Magistrado ponente: Fernando Alberto Castro Caballero

Decreto 2591 de 1991Ley 600 de 2000

República de Colombia Corte Suprema de Justicia TUTELA No. 79858 CORTE SUPREMA DE JUSTICIA SALA DE CASACIÓN PENAL SALA DE DECISIÓN DE TUTELAS No. 2 FERNANDO ALBERTO CASTRO CABALLERO MAGISTRADO PONENTE STP7482-2015 Radicado No. 79858 Aprobado Acta No. 209 Bogotá, D. C., junio once (11) de dos mil quince (2015). VISTOS: Procede la Sala a resolver la impugnación interpuesta por la ciudadana LEDYS DEL CARMEN RANGEL GARCÉS, contra el fallo proferido el 20 de abril del año en curso por una Sala de Decisión Penal del Tribunal Superior de Barranquilla, a través del cual negó el amparo de sus derechos fundamentales al debido proceso, mínimo vital, igualdad, dignidad humana y trabajo, presuntamente conculcados por la Secretaría Distrital de Movilidad de Barranquilla, Dirección Distrital de Liquidaciones y La Fiscalía 43 Delegada de la Unidad de Indagación e Instrucción -Ley 600 de 2000-, con sede en la capital del Atlántico.

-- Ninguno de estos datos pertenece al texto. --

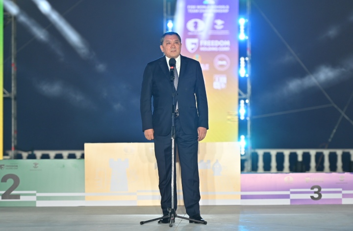Timur Turlov, der Präsident des kasachischen Schachverbands, wandte sich an das Publikum: "Heute haben sich Dutzende von Mannschaften aus mehr als 50 Ländern in dieser Halle versammelt. Dies ist ein klares Zeichen für die unglaubliche Popularität der Schachbewegung in der ganzen Welt und den Einfluss Kasachstans auf die globale Schachagenda. Ich bin davon überzeugt, dass dieses Turnier für Hunderte von jungen Schachspielern zum Ausgangspunkt ihrer Karrieren wurde und es Ihnen ermöglicht hat, neue Freunde und Gleichgesinnte zu finden, die Schönheiten von Aktau zu genießen und die kasachische Kultur besser kennenzulernen."

ANTECEDENTES Y FUNDAMENTOS DE LA ACCIÓN: 1. De la información que hace parte de este trámite constitucional se pudo establecer que LEDYS DEL CARMEN RANGEL GARCÉS, en el mes de julio de 2013 realizó un negocio de compraventa con la empresa TAXI MIO de la Costa, por medio del cual adquirió un vehículo Taxi de Servicio Público, marca KIA, línea Picanto, modelo 2014, con placas TZL 642; la misma empresa cedió los derechos del cupo del automotor de placas UYQ 001, el cual para la fecha figuraba en los registros a nombre de Zenaida Elena Correa Julio.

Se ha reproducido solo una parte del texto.